- **WHAT THIS TASK INVOLVES**
Of the records that follow, copy only the lines from the line containing "This first floor" to the line containing "通常のヨガでも自由自在にお腹", both included, exactly as written.
-------- DATA SECTION --------
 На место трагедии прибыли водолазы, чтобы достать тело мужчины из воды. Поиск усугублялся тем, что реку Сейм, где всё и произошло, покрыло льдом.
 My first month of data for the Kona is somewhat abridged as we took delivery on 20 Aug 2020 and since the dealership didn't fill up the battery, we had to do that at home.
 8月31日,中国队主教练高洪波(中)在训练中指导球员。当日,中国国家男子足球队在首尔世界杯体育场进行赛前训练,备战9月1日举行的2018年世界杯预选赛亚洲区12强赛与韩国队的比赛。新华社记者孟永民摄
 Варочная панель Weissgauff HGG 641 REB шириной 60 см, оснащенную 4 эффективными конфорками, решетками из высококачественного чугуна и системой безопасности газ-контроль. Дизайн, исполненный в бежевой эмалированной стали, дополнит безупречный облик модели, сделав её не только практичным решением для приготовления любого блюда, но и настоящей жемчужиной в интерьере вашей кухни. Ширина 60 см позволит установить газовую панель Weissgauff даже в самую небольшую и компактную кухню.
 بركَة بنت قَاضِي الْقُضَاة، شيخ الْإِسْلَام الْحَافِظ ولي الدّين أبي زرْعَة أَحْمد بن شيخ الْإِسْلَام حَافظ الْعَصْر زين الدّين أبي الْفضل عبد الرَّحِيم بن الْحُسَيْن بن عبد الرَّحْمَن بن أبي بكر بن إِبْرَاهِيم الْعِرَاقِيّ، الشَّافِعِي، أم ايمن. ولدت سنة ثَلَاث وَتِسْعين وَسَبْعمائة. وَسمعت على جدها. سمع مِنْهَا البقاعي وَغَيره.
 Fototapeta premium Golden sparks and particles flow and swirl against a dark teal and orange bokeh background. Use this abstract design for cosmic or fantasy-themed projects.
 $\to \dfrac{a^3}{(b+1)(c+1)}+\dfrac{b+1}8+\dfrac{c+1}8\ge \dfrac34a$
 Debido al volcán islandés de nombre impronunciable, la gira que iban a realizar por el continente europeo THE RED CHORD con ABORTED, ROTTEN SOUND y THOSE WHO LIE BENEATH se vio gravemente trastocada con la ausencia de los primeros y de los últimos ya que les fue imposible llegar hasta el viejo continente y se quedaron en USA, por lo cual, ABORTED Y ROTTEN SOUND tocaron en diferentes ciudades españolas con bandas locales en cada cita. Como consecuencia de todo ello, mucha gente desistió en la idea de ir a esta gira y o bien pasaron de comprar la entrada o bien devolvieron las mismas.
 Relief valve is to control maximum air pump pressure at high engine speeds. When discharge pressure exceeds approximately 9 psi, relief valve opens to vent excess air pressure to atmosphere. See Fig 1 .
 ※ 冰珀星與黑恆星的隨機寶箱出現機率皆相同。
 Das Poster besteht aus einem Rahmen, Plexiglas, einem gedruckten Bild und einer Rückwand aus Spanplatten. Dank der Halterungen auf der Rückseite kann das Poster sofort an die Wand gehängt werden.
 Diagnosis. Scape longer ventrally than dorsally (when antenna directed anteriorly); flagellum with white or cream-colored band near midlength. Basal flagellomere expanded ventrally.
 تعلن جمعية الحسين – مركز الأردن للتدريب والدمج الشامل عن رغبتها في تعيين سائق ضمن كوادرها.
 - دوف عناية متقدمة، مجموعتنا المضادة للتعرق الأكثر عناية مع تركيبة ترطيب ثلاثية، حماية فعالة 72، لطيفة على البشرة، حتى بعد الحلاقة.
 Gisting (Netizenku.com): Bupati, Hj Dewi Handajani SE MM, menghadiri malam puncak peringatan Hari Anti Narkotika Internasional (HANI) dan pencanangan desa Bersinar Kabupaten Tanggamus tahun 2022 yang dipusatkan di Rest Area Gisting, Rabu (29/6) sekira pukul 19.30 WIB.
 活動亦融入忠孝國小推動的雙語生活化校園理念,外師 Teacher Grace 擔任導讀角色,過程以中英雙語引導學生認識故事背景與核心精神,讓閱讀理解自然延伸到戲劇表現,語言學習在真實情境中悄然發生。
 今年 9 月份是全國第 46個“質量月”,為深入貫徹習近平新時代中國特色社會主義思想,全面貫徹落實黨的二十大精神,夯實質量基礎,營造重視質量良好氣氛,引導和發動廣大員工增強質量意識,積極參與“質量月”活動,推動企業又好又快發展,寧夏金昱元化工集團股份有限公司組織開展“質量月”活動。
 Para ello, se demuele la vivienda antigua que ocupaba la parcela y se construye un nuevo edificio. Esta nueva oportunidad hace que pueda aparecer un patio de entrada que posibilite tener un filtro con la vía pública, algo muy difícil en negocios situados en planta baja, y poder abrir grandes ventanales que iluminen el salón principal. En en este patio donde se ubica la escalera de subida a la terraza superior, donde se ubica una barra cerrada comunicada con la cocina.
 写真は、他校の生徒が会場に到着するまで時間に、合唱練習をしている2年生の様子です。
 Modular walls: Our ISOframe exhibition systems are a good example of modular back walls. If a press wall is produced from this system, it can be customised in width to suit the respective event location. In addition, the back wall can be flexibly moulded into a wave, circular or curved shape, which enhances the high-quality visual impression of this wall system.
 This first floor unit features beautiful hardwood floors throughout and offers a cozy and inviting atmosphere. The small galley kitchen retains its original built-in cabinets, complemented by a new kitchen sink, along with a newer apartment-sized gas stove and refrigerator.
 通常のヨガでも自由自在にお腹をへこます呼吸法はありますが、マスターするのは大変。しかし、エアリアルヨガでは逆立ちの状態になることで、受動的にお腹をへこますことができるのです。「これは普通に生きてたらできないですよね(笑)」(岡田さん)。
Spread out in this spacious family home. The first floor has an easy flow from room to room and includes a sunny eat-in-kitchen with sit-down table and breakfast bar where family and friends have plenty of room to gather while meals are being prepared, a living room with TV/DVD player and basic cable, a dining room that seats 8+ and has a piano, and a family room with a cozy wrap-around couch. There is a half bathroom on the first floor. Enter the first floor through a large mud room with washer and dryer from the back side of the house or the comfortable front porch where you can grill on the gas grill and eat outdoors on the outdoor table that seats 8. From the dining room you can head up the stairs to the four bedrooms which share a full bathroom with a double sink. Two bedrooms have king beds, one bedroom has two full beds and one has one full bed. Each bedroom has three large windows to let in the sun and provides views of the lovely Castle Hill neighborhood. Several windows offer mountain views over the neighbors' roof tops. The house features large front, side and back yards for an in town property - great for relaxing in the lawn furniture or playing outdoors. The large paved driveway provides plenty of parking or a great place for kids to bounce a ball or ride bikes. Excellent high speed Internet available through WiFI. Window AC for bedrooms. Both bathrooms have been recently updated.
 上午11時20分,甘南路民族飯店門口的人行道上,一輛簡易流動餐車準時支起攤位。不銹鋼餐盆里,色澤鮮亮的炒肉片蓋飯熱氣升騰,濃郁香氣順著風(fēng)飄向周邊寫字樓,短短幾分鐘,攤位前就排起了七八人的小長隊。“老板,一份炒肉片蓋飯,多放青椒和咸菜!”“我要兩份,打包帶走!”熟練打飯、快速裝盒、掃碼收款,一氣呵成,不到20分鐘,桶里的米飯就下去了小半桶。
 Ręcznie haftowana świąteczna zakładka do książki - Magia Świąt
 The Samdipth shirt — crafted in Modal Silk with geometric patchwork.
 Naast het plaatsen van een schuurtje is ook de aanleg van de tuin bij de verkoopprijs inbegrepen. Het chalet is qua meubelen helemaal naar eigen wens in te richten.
--------
- **OUTPUT FOR THIS TASK**
 This first floor unit features beautiful hardwood floors throughout and offers a cozy and inviting atmosphere. The small galley kitchen retains its original built-in cabinets, complemented by a new kitchen sink, along with a newer apartment-sized gas stove and refrigerator.
 通常のヨガでも自由自在にお腹をへこます呼吸法はありますが、マスターするのは大変。しかし、エアリアルヨガでは逆立ちの状態になることで、受動的にお腹をへこますことができるのです。「これは普通に生きてたらできないですよね(笑)」(岡田さん)。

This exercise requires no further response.